Banks in the Nordic region are looking to modernize and digitize their services in response to the COVID-19 pandemic and emerging competition from FinTechs, according to a new report published by Information Services Group (ISG).
According to a media release, the 2021 ISG Provider Lens Digital Banking Services Report for the Nordics finds banks in the region embracing outsourcing services as they look to update their IT systems. The report sees a fierce turf war for banking customers in the Nordics, and in response, banks there are embracing digital technologies.

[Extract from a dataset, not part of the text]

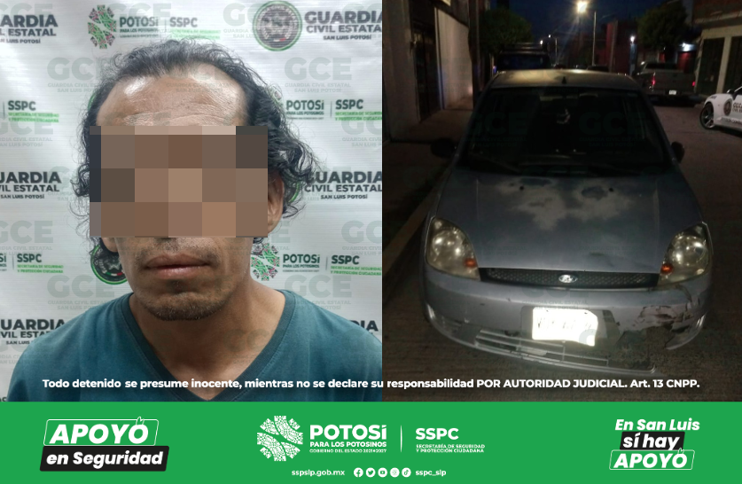 San Luis Potosí, S.L.P.- Un reporte emitido por el Centro de Control, Comando, Comunicaciones y Cómputo (C-4), derivó en la detención de un automovilista por oficiales de la Guardia Civil Estatal (GCE) después de que presuntamente lesionara a un motociclista tras impactar su unidad vehicular contra el afectado.

“Newer Fintech players are challenging traditional banks in the Nordics, like in the rest of Europe,” said Owen Wheatley, lead partner, banking and financial services, for ISG. “As homegrown and global players disrupt the market, traditional banks are attempting to defend their territory by reinventing their digital models.”
The report notes that 90 percentage of the population uses cashless transactions, and about 95 percent of Nordic households having internet access, allowing online competitors to gain a foothold with banking customers.
As FinTechs embrace cashless payment models, many traditional banks have seen a drop in their revenues. Some banks have been unprepared for the move to digital technologies. The report also sees increasing demand from banks for third-party integration services.
Banks in the Nordics want IT service providers that can offer commercial off-the-shelf products but also customize them. Banks are interested in deploying artificial intelligence, machine learning and blockchain and are turning to service providers to implement these technologies. Banks also want to use AI and related technologies to deliver hyper-personalized services to customers, as a way to improve revenue and cut costs, the report adds. Banks in the region see customers as familiar with digital services because government services are already highly digitized.
In addition, banks in the Nordics are moving to replace their core legacy platforms, some of them running on mainframes dating back to the 1980s or ’90s, the report says. These mainframe platforms have become complex, with banks layering on technologies to accommodate new products and functions.
Banks are now replacing mainframes with software-as-a-service platforms and the cloud. Cloud-native platforms support real-time processing and are highly cost effective because they are offered on a pay-per-use subscription model.
Low-code platforms are gaining traction because they can carry out complex tasks and integrations by allowing employees to point and click rather than write code. Low-code platforms also are being integrated with AI and machine learning capabilities.